Don’t get me wrong, these character designs aren’t bad on their own. But compared to the originals, they look so sanitized, and the same. The characters don’t have the cartoonish, memorable nature they had in the original GameCube, and while they’re now much more realistic, they’re also a bit more innocuous. boring.
But I think my heart breaks the most for Nami. In the original game, he’s a quiet, aloof tomboy who leaves town at the end of freshman year unless you marry him. She is difficult to convince, because she is independent and distant, and because she stands aside; but that’s part of the reason why I like it so much. The other singles, Celia and Muffy (now named Cecilia and Molly), are both friendly and warm to you from the start, but Nami is her own person, and unlike the other two girls, she’s not particularly feminine in her presentation, preferring to wear Converse and flannel.
She’s still pretty gender-ambiguous in the remake, which I appreciate, but now she’s in makeup. It seems silly to be sad, and it seems like it doesn’t matter. Of course, androgynous and masking people can wear makeup; I do all the time! But this thin line of baby pink lip gloss is bigger than it looks.
Harvest Moon and Story of Seasons have always been slow when it comes to incremental additions to their games, dragging their feet in admitting that perhaps you can play as a girl and perhaps you can marry a person of the same sex. In the early 2000s, Nami — an androgynous character who doesn’t particularly care about the player, follows her own schedule, and is reluctant to open up to anyone — felt special, especially among the more celibate. typical.
It’s probably not too surprising to hear that a lot of people who enjoy farming games and life simulations are queer women like me, and although I very doubt that Nami (or Celia or Muffy) was ever made for this demographic, they nonetheless have their fans in the queer community, and Nami – even accidentally – is a character coded queer. LGBTQ+ gamers have always found ways to find their own stories in games, even if they’re forced to play as straight men over and over again, and marrying Nami was one of them.
Look, for the record, I went with Celia, because I was a kid and she was the easiest to woo, but Nami felt like a representation of what a woman could be – a representation I didn’t. haven’t seen much elsewhere.
Maybe Nami’s childishness was part of the reason A Wonderful Life was so weird. At the time, it felt like Harvest Moon wasn’t afraid to be a little different, because it was in a category of its own. It wasn’t competing with anything, or vying for new players with a shiny new feature.

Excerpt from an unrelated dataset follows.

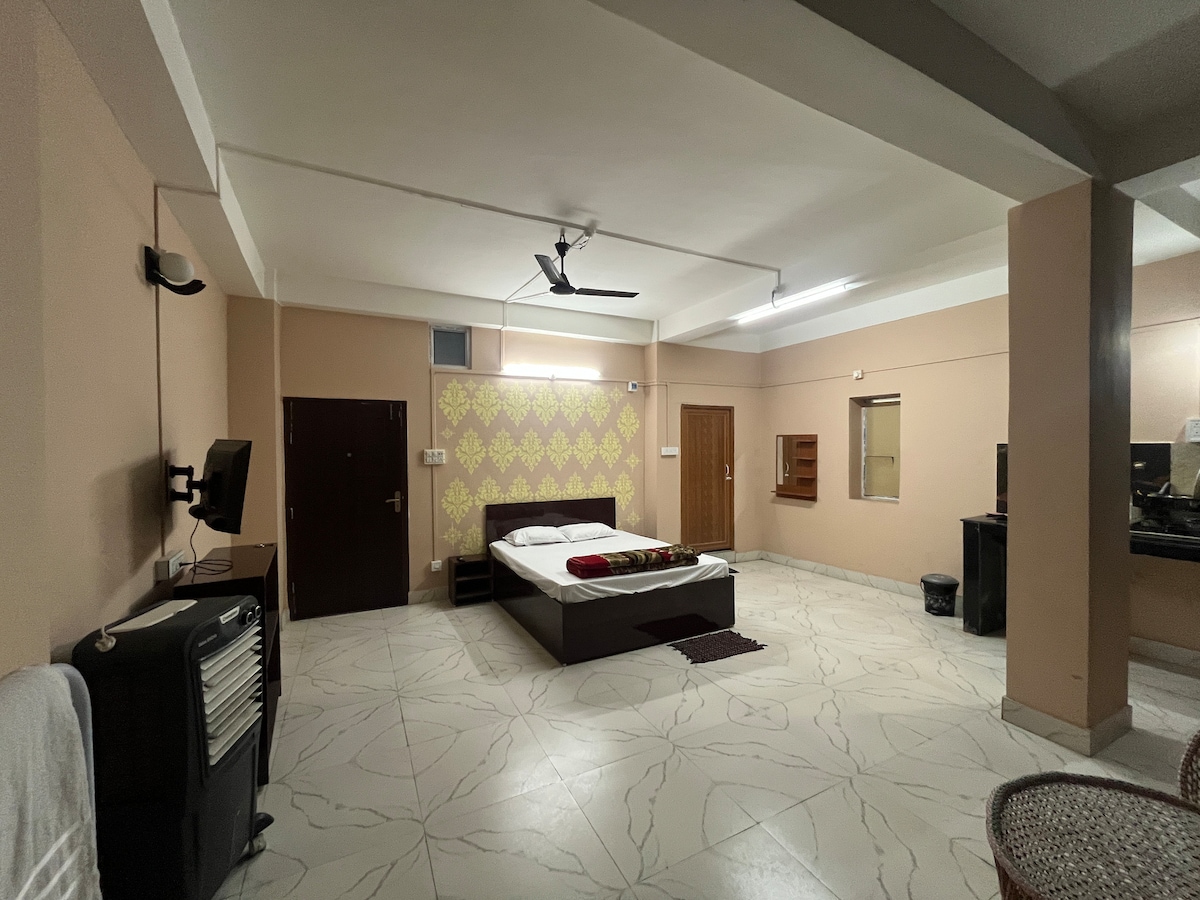 Centralt beliggende i hovedstaden Shillong, der tilbyder et fredeligt miljø, perfekt til udflugter/lange ophold/arbejde. Ejendommen er bekvemt beliggende i nærheden af Pantaloons og ligger 0,5 km (5 minutters gang) fra Laitumkhrah, som er et af de vigtigste knudepunkter i Shillong. Værelset er rummeligt (16x14) med tilknyttet badeværelse og et køkken. Det er veludstyret med et smart-tv, wi-fi, gejser og andre basale faciliteter. Der er mulighed for parkering på området. Jeg glæder mig til at have dig ombord!

He wasn’t afraid to have characters that maybe weren’t typical. For players like me, we were weird and what we wanted was weird.
But when one door closes, another opens. For the first time in Harvest Moon history, players will be able to select “non-binary” as their protagonist’s gender, as confirmed by XSEED themselves. And you can marry whoever you want, which means same-sex marriage is possible again. So, I can forgive them for giving Nami lip gloss, and I can even forgive them for making Gustafa a boring hipster, because player representation is the kind of progress that really matters.
Also, if I’m being totally honest… Nami is still hot.
Do you agree with us that the character redesigns in A Wonderful Life are a bit boring? Are you still going to marry Nami? Tell us in the comments!